The dimension concept is even more complicated than that though, and we got into that in the midst of making some elbow room for Fuller's meaning, which starts pretty much where Kant starts: space is a priori, a given of experience. Adding time the way Einstein does, is different from adding more dimensions of space the way Coxeter does. Different language games arise, each making use of "4D".
Fuller's paradigm volume, in terms of shape, is neither a cube nor a sphere, but a tetrahedron, of four corners, four faces. The language games he builds around his core space concept somewhat diverge from those we learn in school, so much of this was new information to those present. I'm aiming to share some of the same info with summer school students, as part of their literary heritage.

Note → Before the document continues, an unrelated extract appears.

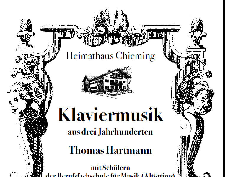 Am Samstag, 31. Januar, um 19:00 Uhr lädt das Heimathaus Chieming zu einem stimmungsvollen Klavierabend ein. Thomas Hartmann gestaltet das Konzert gemeinsam mit Schülerinnen und Schülern der Berufsfachschule für Musik in Altötting sowie Teilnehmerinnen und Teilnehmern von „Jugend musiziert“. Das Publikum erwartet ein abwechslungsreiches Programm mit klassischer Klaviermusik aus verschiedenen Epochen – von barocken und klassischen Werken bis hin zu romantischen Stücken. Die jungen Musikerinnen und Musiker präsentieren eine Auswahl solistischer Beiträge und zeigen dabei eindrucksvoll ihr musikalisches Können. Der Eintritt ist frei, um Spenden wird herzlich gebeten.

I also learned quite a bit, as one of the students mentioned being led to the writings of Donella H. "Dana" Meadows through Fuller's. I wasn't sure who that was, and as it turned out, my friend Patrick, with whom I went walking that same Friday afternoon, had been in her courses at Dartmouth. He filled me in. Dana Meadows, and her husband Dennis, have a lot to do with Systems Science as we know it today.
My overlap with Systems Science is General Systems Theory (GST). I see these as quasi-synonymous, in terms of opening a large umbrella, under which we'll find many approaches to modeling and data representation. There's a cybernetic flavor, meaning we're equipped with all the tools of Cyberia, our Global U. The so-called Noosphere is a temporal-energetic phenomenon these days.
I talked about the Fuller Projection for data sharing as another invention, relating to his "geoscope" or "macroscope" (the "concentric hierarchy" having been my main focus), and how after the World Game chapter, it mostly stays back burner and on the shelf because of its apolitical nature (no political boundaries mar its surface).
"Talk about quixotic!" quipped the same student who mentioned Meadows. I raise the question of Fuller's "quixoticness" with reference to his daring naively to critique XYZ thinking at the "three dimensionality" of space, conventions we mostly never revisit in later life.
As children we may have our doubts, about the sustainability of "nation-states" included, but in the press of events we usually come to abandon both our skepticism and idealism, along with our teddy bears. We stop pooh poohing zero dimensional points creating infinitely long lines, and settle in to take them seriously, for the duration.